Eating dark chocolate every day for 10 years could reduce the incidence of such cardiovascular events as heart attacks and strokes in those with metabolic syndrome, a group of risk factors for heart disease and diabetes, according to an Australian study.
The investigators developed a mathematical model to predict the health effects and cost effectiveness of daily dark chocolate consumption over 10 years. They performed a Meta-Analysis of several studies involving 2,013 people with high blood pressure and who met the criteria for Metabolic Syndrome.
Cardioprotective effects have only been demonstrated for dark chocolate (defined as containing at least 60 to 70 percent cocoa solids), and not for milk or white chocolate.
Study participants had no history of heart disease or diabetes and were not on medication to lower their blood pressure.
Even when they ate dark chocolate only 8 out of every 10 days, the number of cardiovascular events prevented was 55 and 10 per 10,000 people treated over 10 years, and so could still be considered an effective intervention strategy.
Simply spending about $42 per person per year on prevention strategies involving dark chocolate consumption, including advertising, educational campaigns, or subsidizing the purchase of dark chocolate in high-risk populations, could, according to their model, produce a solid health benefit, the scientists said.
The authors pointed out that they only looked at the effects of dark chocolate consumption on the incidence of non-fatal stroke and non-fatal heart attack, and that its potential effects on other cardiovascular events, such as heart failure, need to be studied.

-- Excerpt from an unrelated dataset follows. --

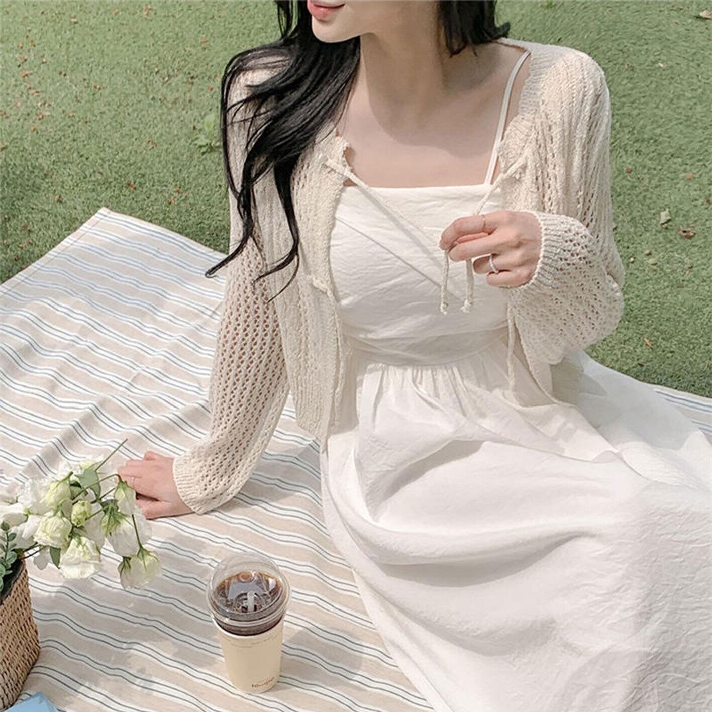 2025年INS 春夏新作 おしゃれ 気質 カジュアル系 韓国風 カーディガン ニット トップス アウター ボトムス レディース ワンピース 春 夏 半袖 長袖 きれいめ ロング 可愛い かわいい 膝丈 ひざ丈 20代 30代 40代 マキシ タイト レトロ モダン 白 黒 2024 RB-R7-08-NS-SA-039

They also said that cardioprotective effects have only been demonstrated for dark chocolate (defined as containing at least 60 to 70 percent cocoa solids), and not for milk or white chocolate. This focus on dark chocolate may be due to the higher levels of flavonoids, the compounds that give chocolate its cardioprotective effects, found in dark chocolate.
The cardioprotective effects of flavonoids in dark chocolate have previously been studied only in short-term studies. Further research is needed to determine an actual cause and effect relationship. How much dark chocolate should be eaten a day is also not clear from the study, so don't gorge, thinking more is better; it is likely not.
The investigators published their work in the British Medical Journal.